NeurIPS2021

Counterbalancing Learning and Strategic Incentives in Allocation Markets

Jamie Kang, Faidra Monachou, Moran Koren, Itai Ashlagi

被引用 1 次

摘要

This paper considers the problem of offering a scarce object with a common unobserved quality to strategic agents in a priority queue. Each agent has a private signal over the quality of the object and observes the decisions made by other agents. We first show that, under the widely-used first-come-first-served sequential offering mechanism, herding behavior emerges: initial rejections create an information cascade resulting in inefficient waste. To address this issue, we then introduce a class of batching mechanisms. Agents in each batch report whether they would be willing to accept or reject the object based on their private signals and prior information. If the majority opts to accept, the object is randomly allocated within that batch.
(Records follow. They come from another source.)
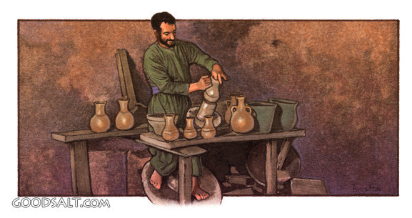 people, mold, table, vessel, shape, pot, man, men, clay, person, male, pottery, potter, bottle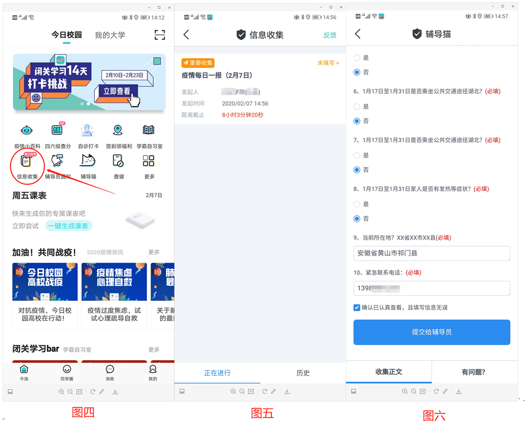 点击学生界面里的“信息收集”(图四),进入“信息收集”界面,选择当日报表(图五),填写完成并点“提交给辅导员”(图六),完成信息上报。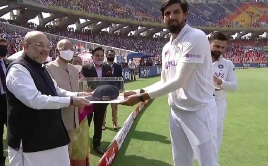 The veteran Indian pacer, Ishant Sharma received special mementos from the Indian President Ram Nath Kovind and Minister of Home Affairs Amit Shah on the occasion of his 100th Test match in Ahmedabad on Wednesday. The lanky pacer becomes the 10th Indian player and only the second pacer after Kapil Dev to play 100 Tests when he took the field against England at the Narendra Modi Stadium in Motera on Day 1.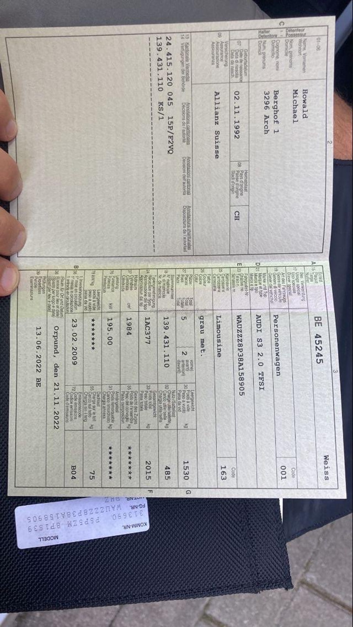 | Kommentar | Zum Verkauf steht ein Audi S3 in fahrbereitem Zustand. Bekannte Mängel: • Ölverlust • leichter Ölverlust an der Unterdruckpumpe • gemäss Bildern Rost vorhanden Zustand: • Zustand gemäss Bildern Wichtige Hinweise: • Fahrzeug ist fahrbar • Verkauf ab Platz, ohne Garantie • Fahrzeug muss innerhalb von fünf Arbeitstagen abgeholt werden • Danach fallen Standgebühren von CHF 20.– pro Tag an |
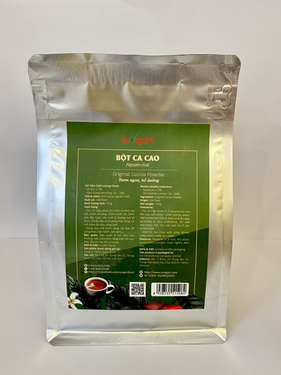 Mua tại TiktokBột Cacao nguyên chất Suvigort Bột cacao nguyên chất 100% mang đến nguồn năng lượng tuyệt vời và hương vị thơm ngon tự nhiên, hoàn toàn không phụ gia, hoá chất. Cacao được chứng minh là nguồn cung cấp nhiều dưỡng chất và khoáng chất, trong đó có axit oleic vô cùng tốt cho sức khỏe, tim mạch, giúp ổn định huyết áp, giảm nguy cơ tiểu đường, giúp tinh thần minh mẫn, giảm mệt mỏi, giảm stress và giàu chất chống oxy hoá. Sản phẩm phù hợp cho mọi đối tượng sử dụng. Hạn sử dụng: 12 tháng từ ngày sản xuất. ️Liên hệ Suvigort Food để biết thông tin sản phẩm: ️ 0243 5252288 - 0908235588

We prove that suitable batching mechanisms are incentive-compatible and improve efficiency. A key property of the mechanism is the gradual increase of the batch size after each failed allocation; the size is chosen so that it elicits as much information as possible without distorting the incentives of agents to report truthfully. Additionally, from a healthcare policy perspective, our results can shed light on the large wastage in organ allocation. In particular, wastage that arises due to herding may be reduced by applying adaptive simultaneous offering mechanisms.